After 25 years, what is there left to do?  “Plenty,” says Dr. Rosenberg.

First, our goal of no mortalities from MH has not been reached. Every year we hear about a few deaths from MH.  The deaths are all the more tragic because they usually affect young, apparently healthy people.

Second, the insecurity of not knowing whether a person who experienced an unusual reaction to anesthesia is really MH susceptible weighs on the minds of many.  The most reliable test for MH susceptibility, the muscle biopsy, is just not applicable on a widespread basis. Clearly molecular genetic testing, which only requires a blood sample, is the future. However, much more needs to be learned as to which DNA abnormalities actually predispose to MH. At present only one-third of those with proven MH demonstrate one of the known mutations. Clearly there are many more DNA changes that are to be identified.
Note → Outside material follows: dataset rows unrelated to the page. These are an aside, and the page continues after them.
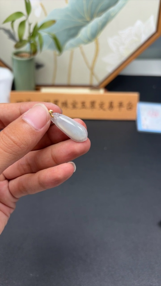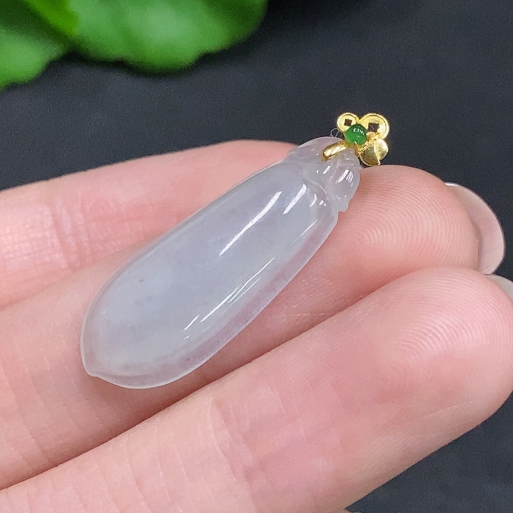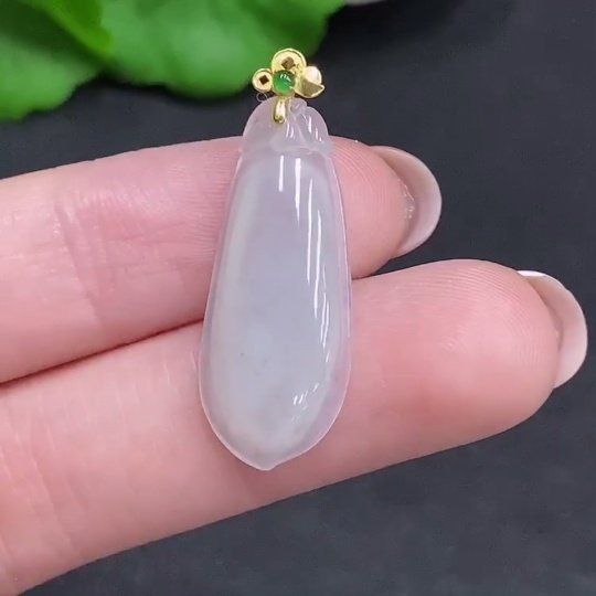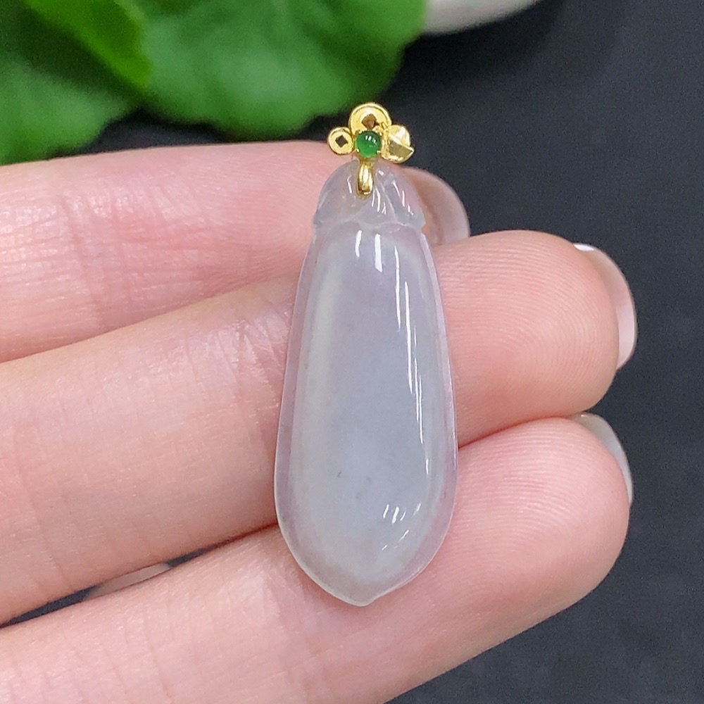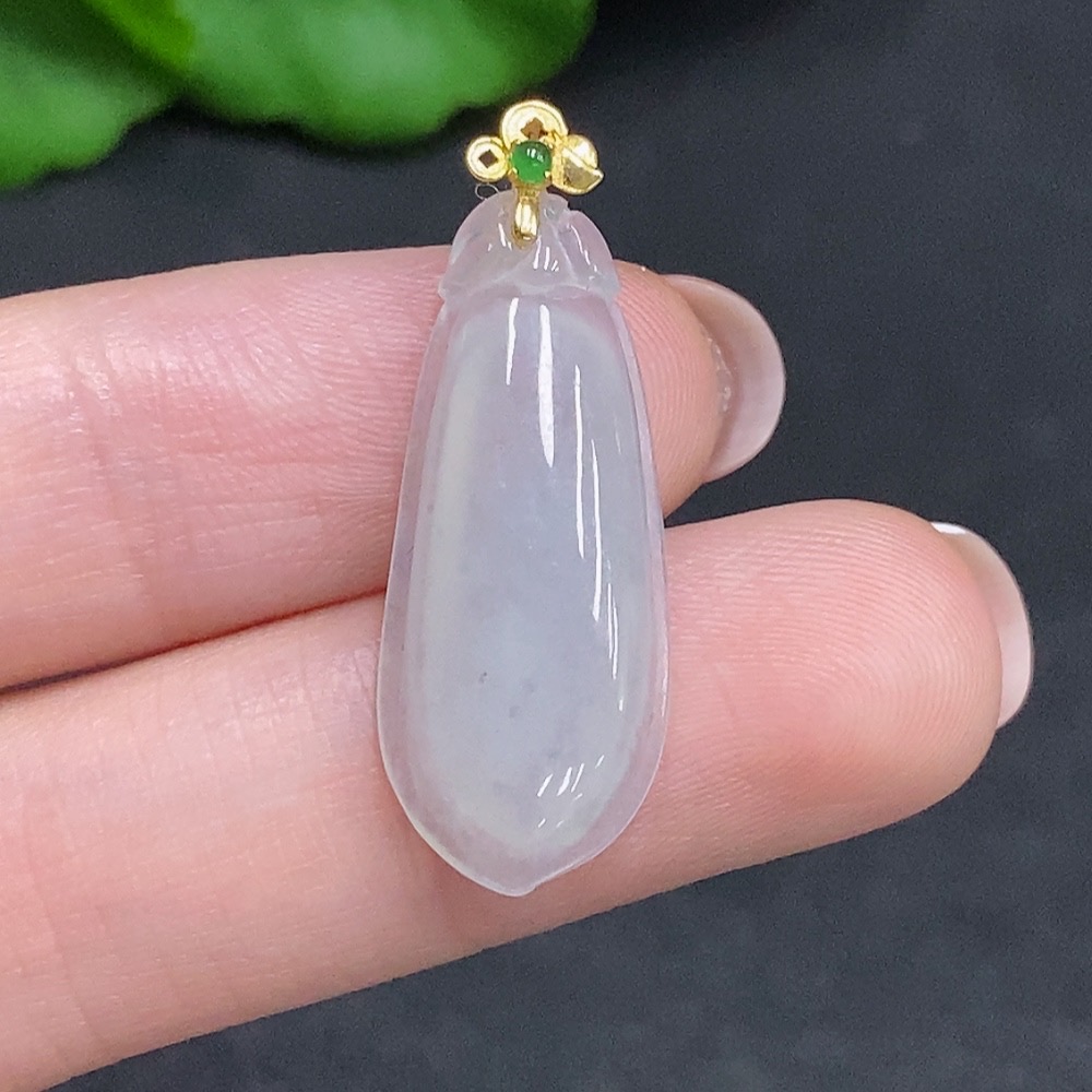Jadeite Auspicious Melon Pendant with 18K Gold Clasp, Total Weight Approximately 2.2g
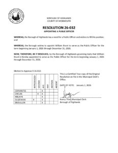 R 26 032 Appointing a Public Officer Download File Type: pdf File Size: 55 KB Categories: 2026 Resolutions Borough of Highlands2026-01-05T11:11:12-05:0001/05/2026|Comments Off on R 26 032 Appointing a Public Officer Share This Story, Choose Your Platform! FacebookXBlueskyRedditLinkedInWhatsAppTelegramTumblrXingEmailCopy Link
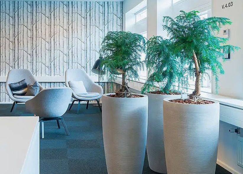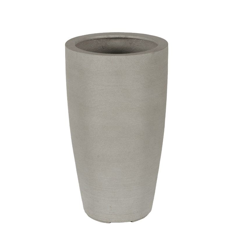 Rigtig flot og stilsikker frostsikker stor krukke i fiberstone / glasfiber med vertikale striber. Denne krukke er en letvægtsmodel. Overfladen er med let sandstruktur i mat finish.
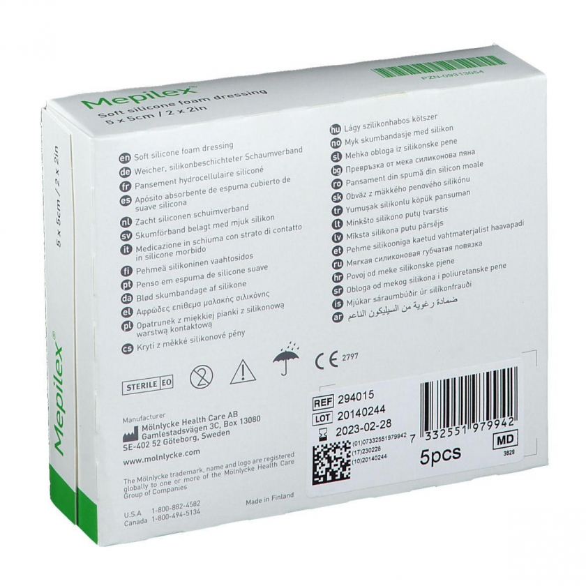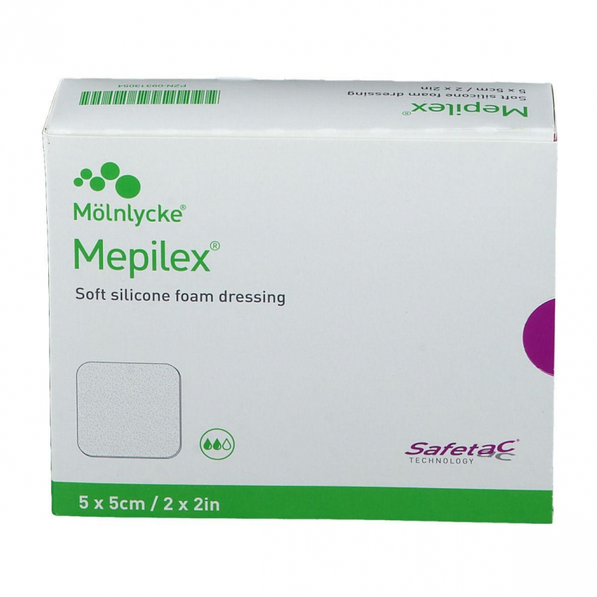 Мягкий силиконизированный пенопластовый перевязочный материал Mepilex® размером 5x5 см для ухода за ранами. Содержит полиуретановую пену с силиконовым покрытием, обеспечивает комфортную защиту и способствует заживлению ран.

Third, questions often arise as to whether a patient who develops heat stroke or exercise-induced muscle breakdown is MH susceptible. If a person dies of heat stroke, there is currently no way to learn for certain if that patient was MH susceptible other than the limited genetic test. It is our vision that the molecular genetic test will provide the answers as to what situations outside the OR are risky for the susceptible patient.  In addition, exciting new research has led to the creation of animal models of MH by incorporating mutations causal for MH in the animal’s genome.  These animal models will help us better understand what situations predispose to MH and also to better understand the underlying defects in the syndrome.

Fourth, several muscle disorders are known to predispose patients to MH episodes. Because many muscle disorders are uncommon, it is often not clear as to whether they do predispose to the syndrome.  Research is needed to understand which patients with which muscle disorders may develop MH.

Fifth, as noted, MH is not limited to the US and Canada.  MH has been reported in every country and every ethnic group. The mortality from MH in other countries, especially those where dantrolene is not approved for use, is often more than 30%.  There is a definite need for more education of health care professionals as well as patients as to the signs, symptoms, recognition and management of MH.  This will require resources for translation and dissemination of information.

Finally, an in-depth understanding of the pathophysiology and biochemistry of MH will lead to a better understanding of the control of muscle metabolism and biochemistry in general.

In conclusion, MHAUS and the physicians, nurses, scientists, volunteers, and staff have contributed to the reduction of harm caused by this syndrome termed “the anesthesiologist’s nightmare."  The progress that has been made and the lives saved over 25 years is a testimony to what a small but determined group of dedicated individuals can do to improve medical care.